June – Parks and Green Space Enjoyment
The grass is green, the sun is out and the birds are chirping – summer is officially in season. Go Leduc, get outdoors and enjoy the numerous amenities including the trails, parks and green spaces available in the city. While out, please respect these spaces by cleaning up after yourself, being mindful of those around you if you are vaping or smoking, and follow the public health orders on physical distancing and gathering. Thank you for helping us to keep these spaces enjoyable for everyone.
May – Unsightly Properties
Be a good neighbour – keep your property maintained according to the Leduc Community Standards Bylaw. Property owners are to keep lawns timed at or below 10 cm and remove any debris build-up visible from neighbouring locations. Unsightly properties often displays signs of neglect with long grass, weeds, derelict vehicles, debris, and some buildings in a state of disrepair. Some of these signs of neglect can also pose a crime and fire risk to your home and your neighbours. Help keep everyone safe and make Leduc an inviting community to call home with a well-kept property.
April – Construction Zone Safety
Winter fading and spring budding means construction season is right around the corner. While construction can be frustrating, it is vital to ensuring our roads, sidewalks and drainage systems are safe and reliable for current and future citizens. When driving through a construction zone, complying with the posted speed limit is critical to keeping everyone safe. Slow down, pay extra attention to the environment, and look out for people working and other potential hazards. Speed fines double when caught speeding in a construction zone with workers present.
Stay up-to-date on construction projects around the city with the interactive map at Leduc.ca/construction
March – Ice Safety
What it looks like, may not be what it seems. That is the danger that lies with large frozen bodies of water during this shoulder season. As temperatures start to warm, it affects the integrity of ice – be it a lake or pond. Take great caution you are on a frozen surface as break in the ice can lead to a serious life incident.
Stay off storm water ponds! This time of year, the ice starts to deteriorate and water levels can fluctuate suddenly with snow melting in the adjacent neighbourhoods. If you see a closed sign at a boarded rink or grass pad, please do not skate on that ice surface to ensure everyone’s safety as the ice begins to melt. Stay safe by going skating on one of the several outdoor rinks within the City of Leduc.
February – Cold Weather Safety
Winters in Alberta can be harsh with temperatures dropping below minus 20 degrees Celsius; add in wind chill and conditions become frigid. If you are planning to be outdoors or travelling in your vehicle, make sure you are prepared. Check the weather conditions before you leave, dress warmly, and know the signs of frostbite and hypothermia to reduce the risk of harm.

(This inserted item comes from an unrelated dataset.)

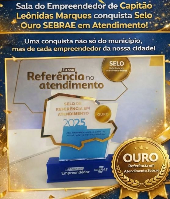 A Sala do Empreendedor de Capitão Leônidas Marques foi reconhecida, pelo segundo ano consecutivo, com o Selo Ouro de Referência em Atendimento, concedido pelo Sebrae. A certificação atesta a excelência e a qualidade dos serviços prestados aos empreendedores do município.

If you are pet owner, make sure to bring them indoors or ensure they have adequate shelter to keep warm. See that they have access to water that is not frozen; we recommend a heated water bowl. Set a timer to check on your pet when you are letting them out.
While we may think we are safe inside our vehicles, it also comes down to how prepared you are. Keeping your car in good working order lessens your chances of being stranded during a cold weather event. If you can, keep your gas tank near full and have an emergency car kit in your vehicle to keep you safe and warm until help arrives.
January - Abandoned Vehicles
What is an abandoned vehicle?
Under section 76 (1) of the Traffic Safety Act, a vehicle is deemed abandoned at that location if it passes 72 consecutive hours without movement. After 72 consecutive hours, the vehicle is considered to be abandoned and may be removed.
Why is this a priority for LES?
Abandoned motor vehicles are a priority for enforcement services this time of the year because they become an object that can attract criminal activity, as well becomes an obstacle on the road. These cars are commonly noticeable in winter with snow covering them to look like igloos. When it comes to snow clearing in residential areas, abandoned vehicles become an issue for snow removal equipment to maneuver around, which leads to the less effective clearing of roads to provide residents with safe passage in and out of their neighbourhood.